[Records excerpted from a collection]
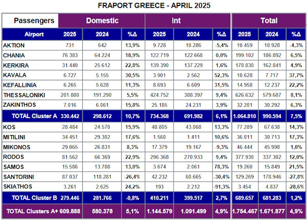 Το σύνολο των επιβατών που διακινήθηκαν στα 14 αεροδρόμια ανέρχεται τον Απρίλιο σε 1,75 εκατ. έναντι 1,67 εκατ. πέρυσι, ενώ οι επιβάτες τετραμήνου ανήλθαν σε 3,9 εκατ. έναντι 3,76 εκατ. το α’ 4μηνο του 2024.
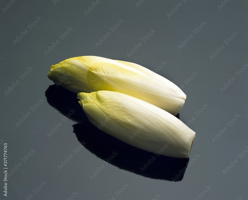 Chicory, cichorium endivia against Black Background
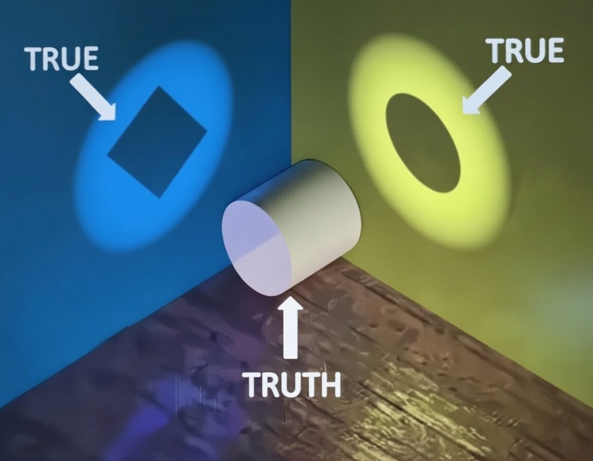 Două relatări incomplete pot fi corecte din perspectiva celor care le emit, dar doar parțial adevărate când sunt prezentate separat.
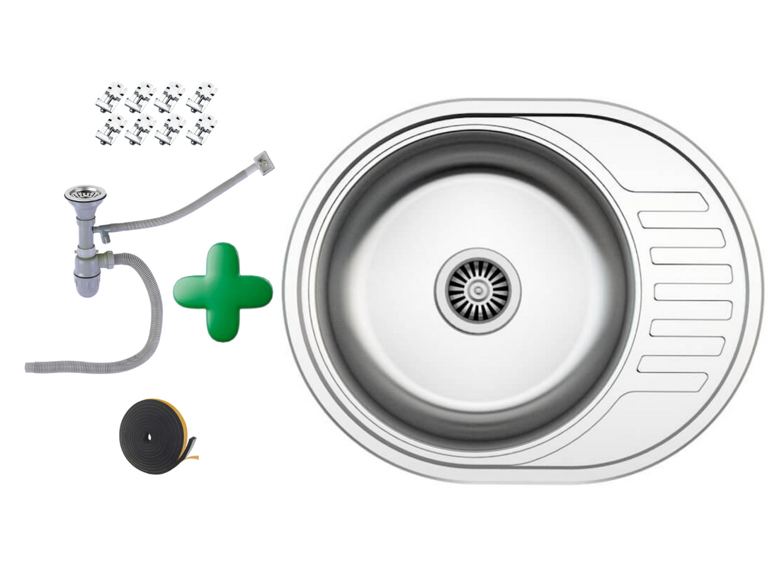 Edelstahl Einbauspüle 57 cm – Stilvoll, Praktisch & Kompakt Beschreibung: Edelstahl Einbauspüle Rund 57x45...
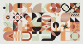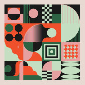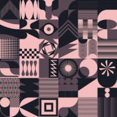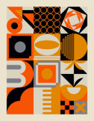 Sztuka dekoracyjna inspirowana ruchem Mid Century wykonana z abstrakcyjnych kształtów geometrycznych i odważnych form. Cyfrowa grafika do plakatu, okładki, sztuki, prezentacji, druku, tkaniny, tapety itp..
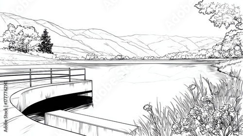 © Thinnawat, Fototapeta premium Serene Lake Landscape with Mountains and Vegetation in Black and White
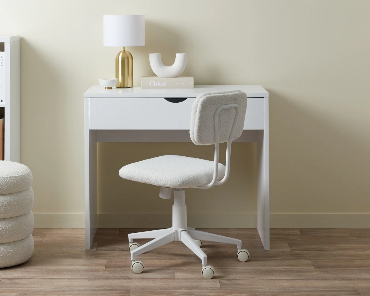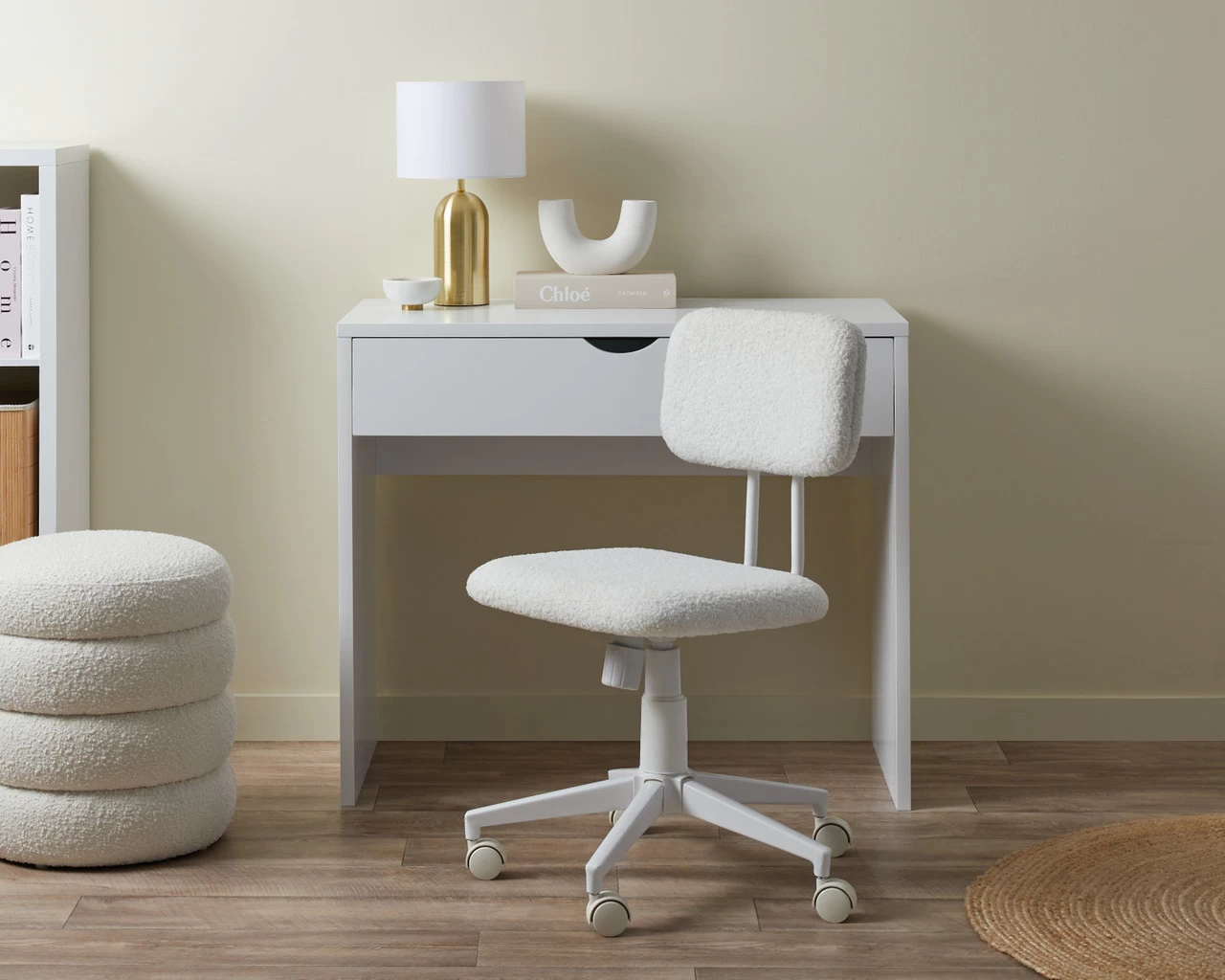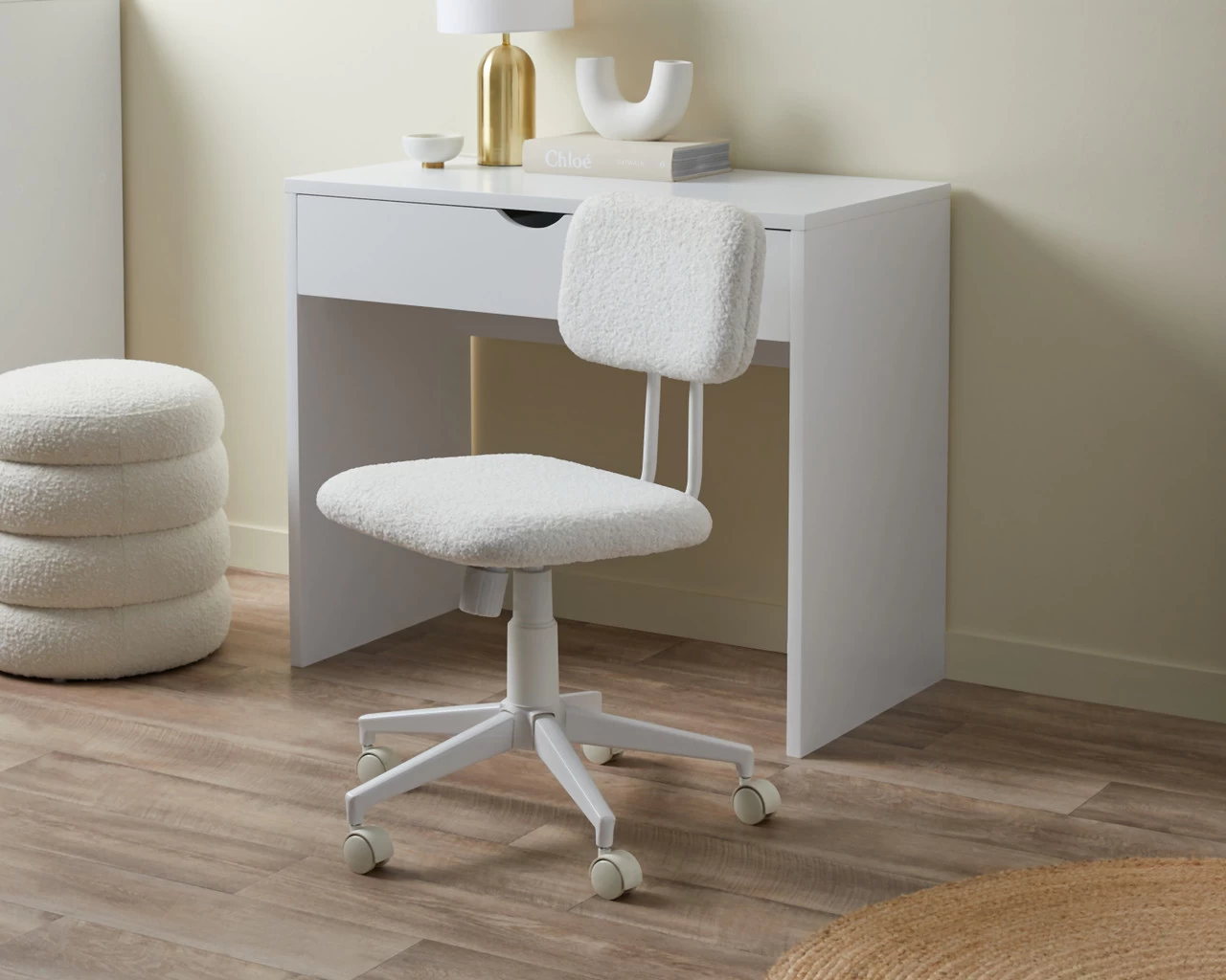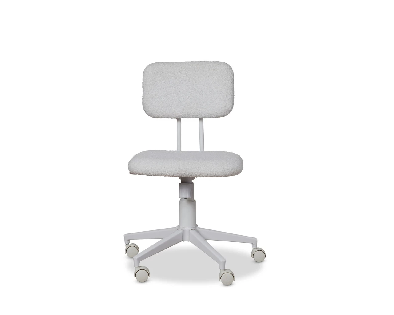 Add dreamy, cosy style to your workspace with the Bobby Office Chair – White. Made with a white teddy fabric, this desk chair is soft to sit in and gorgeously stylish. Perfect for creating a tranquil home office you’ll adore to be in whether that’s working from home, studying, or enjoying your hobbies. Ideal for adults and children, it has a padded seat and backrest for all-day comfort. Easily adjust the height to suit your needs using the durable gas lift and enjoy the hard tyred castor wheels that are perfect for use on carpet.
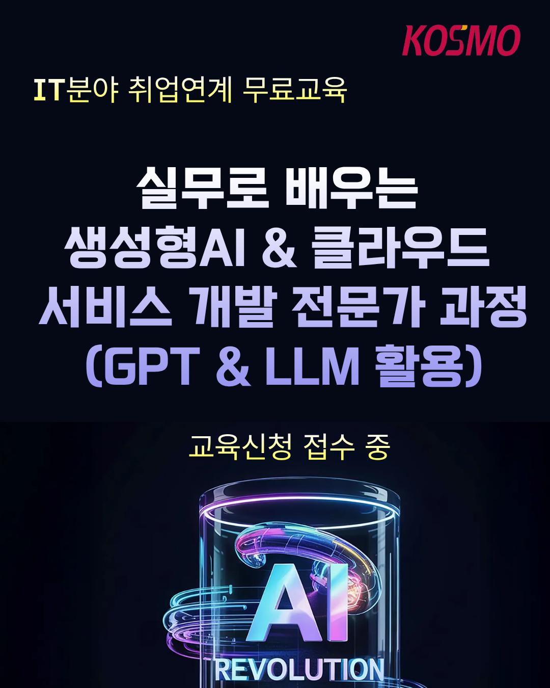 - 과정명 : 실무로 배우는 생성형AI & 클라우드 서비스 개발 전문가 과정(GPT & LLM 활용) with 바이브코딩
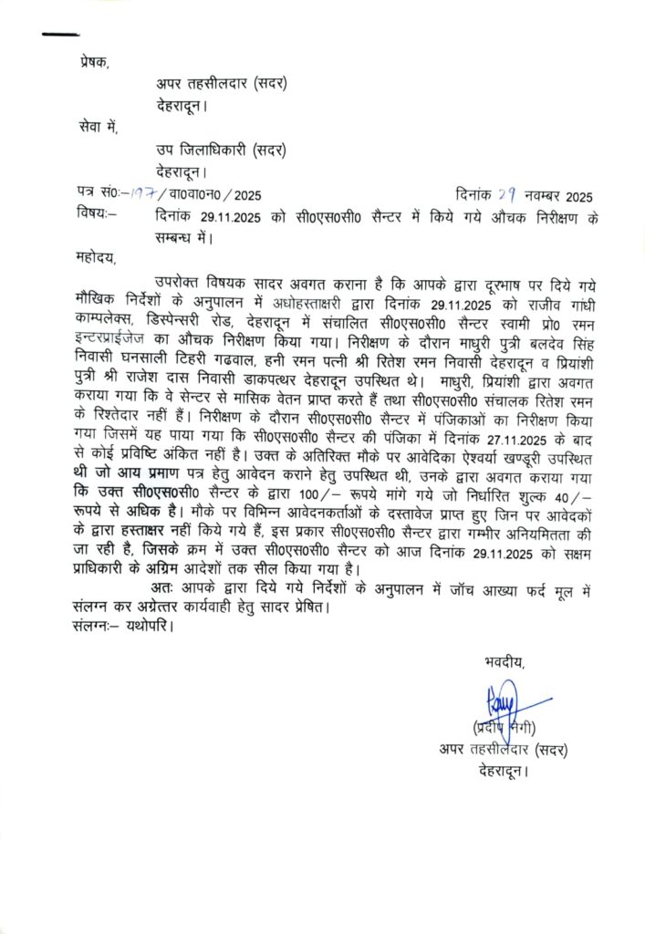 निरीक्षण के दौरान टीम द्वारा केंद्र में संचालित विभिन्न सेवाओं, अभिलेखों, लेन-देन विवरणों तथा सेवा शुल्क आदि की गहन जांच की गई। जांच में कई अनियमितताएं, नियमों का अनुपालन न होना एवं सेवा प्रदायगी में गंभीर त्रुटियां पाई गईं। केंद्र संचालक द्वारा संतोषजनक उत्तर न दिए जाने एवं अनियमितताओं के प्रमाण मिलने पर प्रशासन ने देवभूमि सीएससी सेंटर को तत्काल प्रभाव से सील कर दिया।

AIM OF THE TASK: Omit every picture while transcribing the records above exactly.

ANSWER TO THIS PROBLEM:
 Το σύνολο των επιβατών που διακινήθηκαν στα 14 αεροδρόμια ανέρχεται τον Απρίλιο σε 1,75 εκατ. έναντι 1,67 εκατ. πέρυσι, ενώ οι επιβάτες τετραμήνου ανήλθαν σε 3,9 εκατ. έναντι 3,76 εκατ. το α’ 4μηνο του 2024.
 Chicory, cichorium endivia against Black Background
 Două relatări incomplete pot fi corecte din perspectiva celor care le emit, dar doar parțial adevărate când sunt prezentate separat.
 Edelstahl Einbauspüle 57 cm – Stilvoll, Praktisch & Kompakt Beschreibung: Edelstahl Einbauspüle Rund 57x45...
 Sztuka dekoracyjna inspirowana ruchem Mid Century wykonana z abstrakcyjnych kształtów geometrycznych i odważnych form. Cyfrowa grafika do plakatu, okładki, sztuki, prezentacji, druku, tkaniny, tapety itp..
 © Thinnawat, Fototapeta premium Serene Lake Landscape with Mountains and Vegetation in Black and White
 Add dreamy, cosy style to your workspace with the Bobby Office Chair – White. Made with a white teddy fabric, this desk chair is soft to sit in and gorgeously stylish. Perfect for creating a tranquil home office you’ll adore to be in whether that’s working from home, studying, or enjoying your hobbies. Ideal for adults and children, it has a padded seat and backrest for all-day comfort. Easily adjust the height to suit your needs using the durable gas lift and enjoy the hard tyred castor wheels that are perfect for use on carpet.
 - 과정명 : 실무로 배우는 생성형AI & 클라우드 서비스 개발 전문가 과정(GPT & LLM 활용) with 바이브코딩
 निरीक्षण के दौरान टीम द्वारा केंद्र में संचालित विभिन्न सेवाओं, अभिलेखों, लेन-देन विवरणों तथा सेवा शुल्क आदि की गहन जांच की गई। जांच में कई अनियमितताएं, नियमों का अनुपालन न होना एवं सेवा प्रदायगी में गंभीर त्रुटियां पाई गईं। केंद्र संचालक द्वारा संतोषजनक उत्तर न दिए जाने एवं अनियमितताओं के प्रमाण मिलने पर प्रशासन ने देवभूमि सीएससी सेंटर को तत्काल प्रभाव से सील कर दिया।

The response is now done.